In other words and as much as possible, Keep it Simple!

Monday, June 2, 2008

Shaping Compliance

Therapist often turn in plans that focus on getting a person to be compliant. I must confess that this idea is also not mine but makes perfect sense. Instead of working so hard to get someone to do something that s/he does not want to do, try getting them to do something that they do want to do. After a while, start throwing in something here and there that they may not be as motivated to do, always going back to including things that they do want to do. Over time you can include requests that are increasingly objectionable or difficult, continuing to include reinforcement. Before long they may be much more compliant in all appropriate areas.


Remember:
Almost no one is compliant 100% of the time, (and we worry a little about those who are). [For example, if you are working with a kid with special needs in a classroom and it is almost the end of the day or perhaps even the end of the school year and the rest of the class is off task, why in the world would you be trying to make the kid with special needs stay on task?]
&
If you are trying to get a kid to do something, make sure that it is within his or her capabilities. [Sometimes we even see plans trying to get a kid to do something that a typical kid of the same age would be unlikely to do, especially on their own and without help.]
&
Make sure you ask a child/kid to do easy and or preferred activities at least some of the time and on a regular basis. Even as adults, most of us don’t want to do something hard or unpleasant all the time. It’s good to learn and to stretch but not all the time. [You don’t ever want to be seen by the child as that person who only wants me to do things that are either extremely difficult or unpleasant all the time.]
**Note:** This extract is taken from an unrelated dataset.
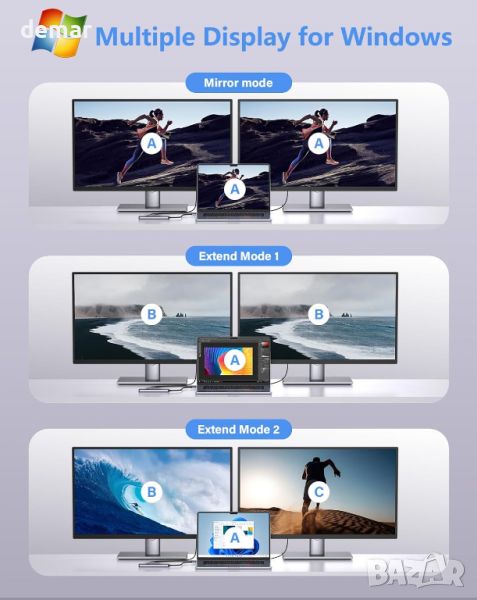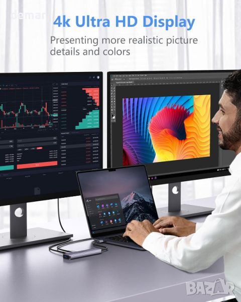 Този двоен HDMI адаптер е проектиран за ефективност и преносимост, включващ два HDMI порта, поддържащи 4K@30Hz за изживяване с висока разделителна способност, три USB 3.0 порта за бърз трансфер на данни до 5Gbps и USB-C порт с PD 100W за бързо зареждане . Той е plug-and-play, не изисква драйвери и е съвместим с повечето лаптопи тип C с Thunderbolt 3, включително различни модели от Apple, Samsung, Dell, Lenovo, HP и други. Адаптерът е изработен от издръжлива, устойчива на износване алуминиева сплав, осигуряваща добро разсейване на топлината и лека, компактна конструкция, идеална както за офис употреба, така и за пътуване. Забележка: В MacOS външните дисплеи ще отразяват същия изход.

Click here to continue with this information: Parsimony

The DEAD MAN (or WOMAN) test

Recently I attended a training/meeting where the DEAD Man test was mentioned. It’s the same concept as I have written about previously under the heading, “nature abhors a vacuum.” The concept here, though the same as previously discussed, is presented in a very different way and may strike a chord of understanding for some.
This is the idea. If your objective is to begin or increase a behavior that a “dead man or woman” could do, then you probably have a poor or even dead objective.
For example: Any time that your objective is that someone NOT do something, then that is something a dead man could do and is almost always a very poor objective.
There are some exceptions to this rule. There may be a time that you need someone to sit quietly for a brief period. Well a dead man could do that but it still may be appropriate.